Percona is a high performance alternative for MySQL. It uses a modified InnoDB engine called XtraDB, and uses Galera’s clustering technology to offer better performance and uptime than MySQL. Today, let’s take a look at how you can setup a Percona cluster, and migrate your databases from MySQL.

Setting up Percona XtraDB cluster

Percona XtraDB Cluster (PXC) uses multi-master replication technology, where each node in the cluster can execute both read and write queries. To make this possible, special care must be given to adjust security settings, and setup data syncing.

To show you by example, let’s assume we’re setting up a 3-node PXC system with IPs 172.17.9.36, 172.17.9.37, and 172.17.9.38. Here’s the overview of the setup steps.

Open communication ports in firewall (iptables)

Percona uses the ports 3306, 4444, 4567, 4568 to receive connections and communicate with the other members in the cluster. These ports need to be open for all cluster members and application servers.

To allow connections to port 4444 of 172.17.9.36 from 172.17.9.37, the following command should be used in 172.17.9.36.

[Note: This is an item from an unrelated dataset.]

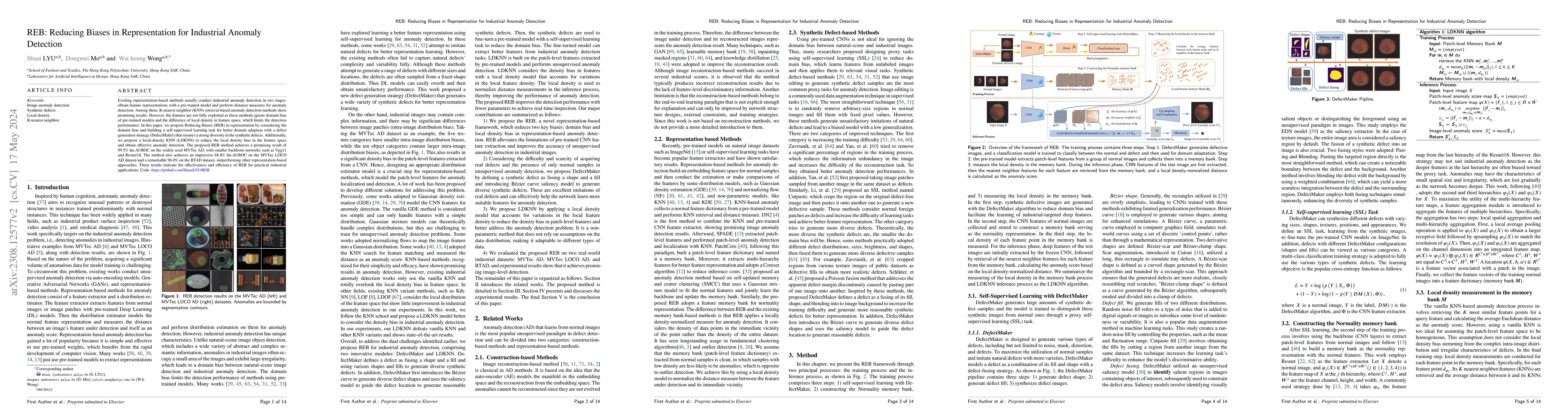 The paper proposes REB, a method to reduce biases in representation for industrial anomaly detection by addressing domain bias and local density bias. It introduces DefectMaker for synthetic defect generation and LDKNN for effective anomaly detection, achieving high AUROC scores on multiple datasets, demonstrating improved performance over other representation-based approaches.

# iptables -A INPUT -p tcp --source 172.17.9.37 --dport 4444 -j ACCEPT

Repeat the same steps for other ports and IPs in all the nodes. Keep in mind that port 3306 should be open from the web application servers and load balancers (more on this, later).

Disable SELinux

Percona cluster members cannot communicate with others if SELinux is enabled (in RedHat compatible servers). So, before we go ahead with the installation, it needs to be disabled.

# echo 0 > /selinux/enforce

Pro Tip – In Ubuntu systems the equivalent of SELinux is AppArmor. You don’t have to completely disable AppArmor in Ubuntu, and instead you can just disable the MySQL profile using the command:

ln -s /etc/apparmor.d/usr.sbin.mysqld /etc/apparmor.d/disable/
apparmor_parser -R /etc/apparmor.d/usr.sbin.mysqld

Install PXC packages

Steps for RedHat compatible systems

In case MySQL is already installed, you’ll need to remove it first in all servers:

# yum remove mysql-server

Now, you’ll need to set up the Percona repository and a supporting package called Socat. Once it’s done, the Percona XtraDB binaries can be installed.

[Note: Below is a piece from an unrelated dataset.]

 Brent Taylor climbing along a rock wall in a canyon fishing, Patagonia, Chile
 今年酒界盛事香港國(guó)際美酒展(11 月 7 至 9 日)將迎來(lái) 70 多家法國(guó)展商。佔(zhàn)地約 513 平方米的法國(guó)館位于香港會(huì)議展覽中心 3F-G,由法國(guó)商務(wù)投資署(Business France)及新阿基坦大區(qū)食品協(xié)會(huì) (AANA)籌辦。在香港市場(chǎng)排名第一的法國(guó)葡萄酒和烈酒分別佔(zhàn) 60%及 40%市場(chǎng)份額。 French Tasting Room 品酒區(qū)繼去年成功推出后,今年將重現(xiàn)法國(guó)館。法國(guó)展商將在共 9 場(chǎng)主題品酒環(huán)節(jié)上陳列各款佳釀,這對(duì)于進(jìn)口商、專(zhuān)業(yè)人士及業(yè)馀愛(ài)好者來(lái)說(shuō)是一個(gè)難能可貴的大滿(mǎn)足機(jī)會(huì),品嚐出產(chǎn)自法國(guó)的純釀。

# yum install http://www.percona.com/downloads/percona-release/percona-release-0.0-1.i386.rpm
# yum install http://download.fedoraproject.org/pub/epel/6/i386/epel-release-6-8.noarch.rpm
# yum install socat Percona-XtraDB-Cluster-56

Note : In CentOS 5 servers, ” Percona-Server-shared-compat-51″ should be installed before “Percona-XtraDB-Cluster-56” is installed.

Steps for Ubuntu compatible systems

If MySQL is already installed it should be removed first:

# apt-get remove mysql-server-5.5

Now, add the Percona repository key to apt.

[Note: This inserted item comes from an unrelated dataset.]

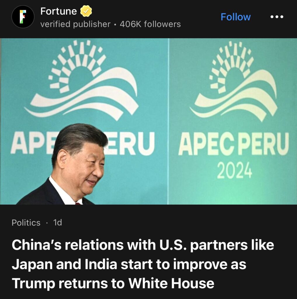 10。据Fortune报道,随着特朗普重返白宫,中国与美国伙伴日本和印度等国的关系开始改善。

# apt-key adv --keyserver keys.gnupg.net --recv-keys 1C4CBDCDCD2EFD2A

Then, add the Percona repository to Ubuntu sources located at /etc/apt/sources.list.

deb http://repo.percona.com/apt VERSION main
deb-src http://repo.percona.com/apt VERSION main

Install the PXC packages with:

# apt-get update
# apt-get install percona-xtradb-cluster-55

Bootstrap one node

In a multi-master cluster such as PXC, servers should be started only one after another. This is to make sure that each server is fully in sync with the live servers before being ready to accept database queries.

Let’s say we choose server 172.17.9.36 as the first node. Let’s call this “node 1”. Edit /etc/my.cnf in this server, and input the following entries. See comments to know the purpose of each entry.

 [mysqld]
 datadir=/var/lib/mysql
 socket=/var/lib/mysql/mysql.sock
 user=mysql
 # Specifying the path to galera library for replication
 wsrep_provider=/usr/lib/libgalera_smm.so
 # Cluster initialization configuration for initial startup – mention IP addresses of nodes in the cluster
 wsrep_cluster_address=gcomm://172.17.9.36,172.17.9.37,172.17.9.38
 # Mention IP address of self
 wsrep_node_address=172.17.9.36
 # Method to sync the states between the nodes In the cluster
 wsrep_sst_method=rsync
 # Specify the storage engine and log format
 binlog_format=ROW
 default_storage_engine=InnoDB
 innodb_autoinc_lock_mode=2
 # SST authentication
 wsrep_sst_auth="sstuser:yourPass"

Now node 1 is ready to be started up as “primary”. For this, use the command:

# service mysql bootstrap-pxc

After the server comes online, you can check the cluster status with the command:

mysql> show global status like '%wsrep_cluster%';
 +------------------------------+----------------------------------------------------+
 | Variable_name | Value |
 +------------------------------+----------------------------------------------------+
 | wsrep_cluster_conf_id | 11|
 | wsrep_cluster_size | 1 |
 | wsrep_cluster_state_uuid | fd28bf16-e205-11e5-b1f7-1fcad8d42d44 |
 | wsrep_cluster_status | Primary |
+------------------------------+----------------------------------------------------+
4 rows in set (0.07 sec)

This says that the cluster is now online with ONE node, and is ready to accept connections (denoted as Primary).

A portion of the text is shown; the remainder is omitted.